It therefore appears most likely that Paul will prevail on the merits.

B. IRREPARABLE HARM.

As this court stated in its Order of July 20, “the denial or frustration of the right of shareholders to vote their shares or obtain representation on the board of directors amounts to an irreparable injury.” See Int’l Banknote Co. v. Muller, 713 F.Supp. 612, 623 (S.D.N.Y.1989); Hubbard, 1991 WL 3151 at *5-6, 1991 Del.Ch. LEXIS 9 at *17 — *18; Aprahamian v. HBO & Co., 531 A.2d 1204, 1208 (Del.Ch.1987).

C. OTHER FACTORS.

The standard for granting preliminary relief is sometimes formulated to include other factors — the “balance of hardships” and the “public interest.” The balance of hardships here favors Paul; he will, as noted above, most likely suffer irreparable harm, while the only harm to AMERCO will be that its meeting is further delayed. There is no indication that the daily operations of U-Haul will be interrupted in any way. The public interest plays little role in this case, as this is basically a dispute among private parties about private matters — money and control of a company. To the extent that the public interest is involved, it favors adherence to the law and thus weighs in favor of a grant of injunctive relief in this case. Paul has made the requisite showing and a preliminary injunction will issue.

IV. REMEDIES.

It is perhaps indicative of the defendants’ own assessment of the merits of this case that they devote large portions of their briefs to arguing that, even if an injunction issues, Paul is not entitled to the relief he seeks. The asserted reasons are numerous. AMERCO claims that, because the meeting has already been enjoined and “the entire process must begin anew, continued expenditure of time and resources to litigate the underlying merits of Plaintiffs claims would be an exercise in expense and futility.” AMERCO Prelim.Opp. at 4-5. The company then argues, among other things, that Paul’s “requested ‘preliminary’ relief is completely inappropriate because it ... demands final mandatory injunctive relief which can only be granted (if at all) after a full trial on the merits,” id. at 5; that “curative disclosures are improper at this ‘preliminary’ stage of the litigation,” id. at 19; that even if it did violate Rule 14a-6, such a violation is de minimis and does not merit relief, id. at 19 n. 13; that appointment of a neutral trustee for the ESOP would constitute “extraordinary judicial action” and is “wholly inappropriate” in this case, id. at 24; and that Paul “cannot possibly suffer irreparable harm because everything done to date will be redone” and “the process must begin anew regardless of the outcome of this litigation.” Id. at 28.

The ESOP trustees strike a similar chord.
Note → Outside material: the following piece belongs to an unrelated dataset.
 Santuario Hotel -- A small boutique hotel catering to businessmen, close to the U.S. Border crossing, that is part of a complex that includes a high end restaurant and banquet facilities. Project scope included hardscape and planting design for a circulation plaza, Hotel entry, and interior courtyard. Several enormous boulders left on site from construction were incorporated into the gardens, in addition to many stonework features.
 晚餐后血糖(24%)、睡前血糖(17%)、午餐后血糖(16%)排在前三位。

They claim to have “carried out their responsibility in accordance with” their “fundamental obligation” to act only in the participants’ best interests. ESOP Prelim.Opp. at 2. More specifically, they argue that, pursuant to the Ninth Circuit’s decision in Acosta v. Pacific Enters., 950 F.2d 611 (9th Cir.1991), Paul has no right to a list of ESOP participants, id. at 11, and that Paul’s request that a neutral trustee be appointed for the ESOP is “totally misplaced.” Id. at 18.
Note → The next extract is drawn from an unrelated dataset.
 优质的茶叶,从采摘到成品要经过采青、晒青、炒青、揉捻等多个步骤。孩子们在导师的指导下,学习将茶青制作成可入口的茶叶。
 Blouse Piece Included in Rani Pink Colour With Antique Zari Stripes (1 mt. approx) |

This is not persuasive. If the only problem were that the AMERCO board had advanced the date of the annual meeting, then the first claim — that further litigation is unnecessary and that the entire matter should be remitted to AMERCO’s internal corporate election process — might carry some weight, as the problem of the meeting date simpliciter was solved by this court’s initial restraining order. Things are not so simple. The trustees have already “pre-conditioned” the ESOP participants to give voting directions in favor of incumbent management, and those solicitations have not disappeared. Curative disclosures are needed to remove their taint, to the extent it can be removed. Moreover, the prospect of restarting the election process with the same trustees in charge of the ESOP is not an appealing one. The trustees are mostly responsible for the problems that have already cropped up.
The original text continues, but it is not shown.